◆ Given information ◆

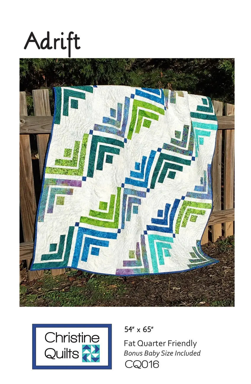 A fat quarter friendly 54in x 65in Throw size quilt featuring Creative Grids 10" Log Cabin Duo ruler. Creative placement of background pieces make the logs appear to be floating! Bonus Baby size, 32in x 43in, included.
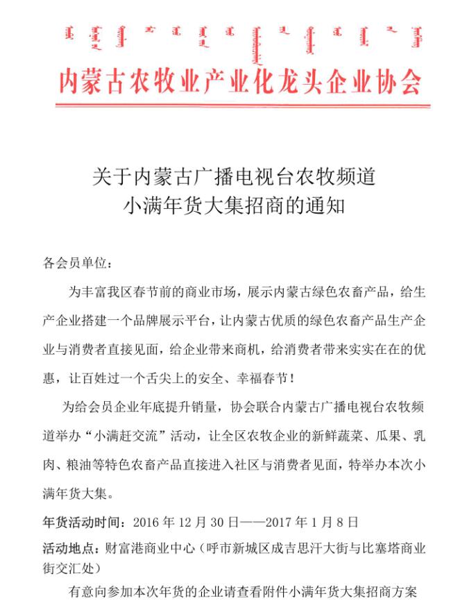 关于内蒙古广播电视台农牧频道小满年货大集招商的通知
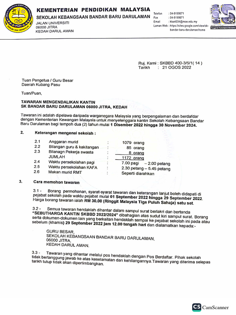 Tawaran Tender Kantin SKBBD 2022-2024 | PDF
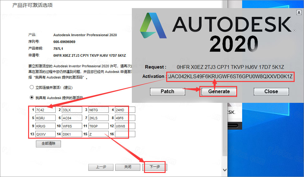 1、下载解压,得到autodesk inventor professional 2020中文版和注册机;
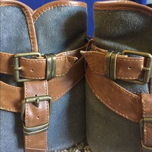 Casual wedge Aldo booties. Grey with brown leather detailing. Rub spots in leather is noted in pictures. *please look at all pictures
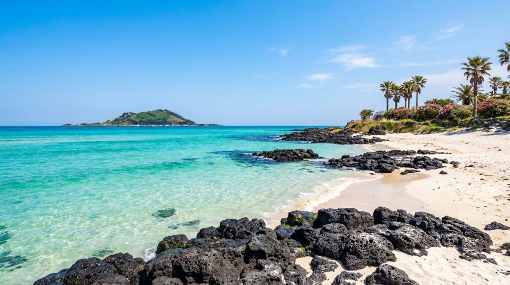 제주 공항에서 서쪽으로 약 1시간 정도 달리면 나타나는 협재 해수욕장은 명실상부 제주를 대표하는 해변입니다. 이곳의 가장 큰 매력은 바다 건너 손에 잡힐 듯 떠 있는 ‘비양도’의 풍경입니다. 썰물 때가 되면 끝없이 펼쳐지는 하얀 모래사장과 얕은 수심의 바다가 어우러져 아이들과 함께하기에도 최적의 장소입니다. 바로 옆에 위치한 금능 해수욕장은 협재보다 조금 더 한적한 분위기를 자아내며, 야자수가 늘어선 산책로는 마치 동남아시아의 휴양지에 온 듯한 착각을 불러일으킵니다.

◆ Work request ◆
Restate exactly, please, only the lines between the start of the data and the line containing "1、下载解压,得到autodesk inventor professional", both ends included, skipping the pictures.

◆ Task result ◆
 A fat quarter friendly 54in x 65in Throw size quilt featuring Creative Grids 10" Log Cabin Duo ruler. Creative placement of background pieces make the logs appear to be floating! Bonus Baby size, 32in x 43in, included.
 关于内蒙古广播电视台农牧频道小满年货大集招商的通知
 Tawaran Tender Kantin SKBBD 2022-2024 | PDF
 1、下载解压,得到autodesk inventor professional 2020中文版和注册机;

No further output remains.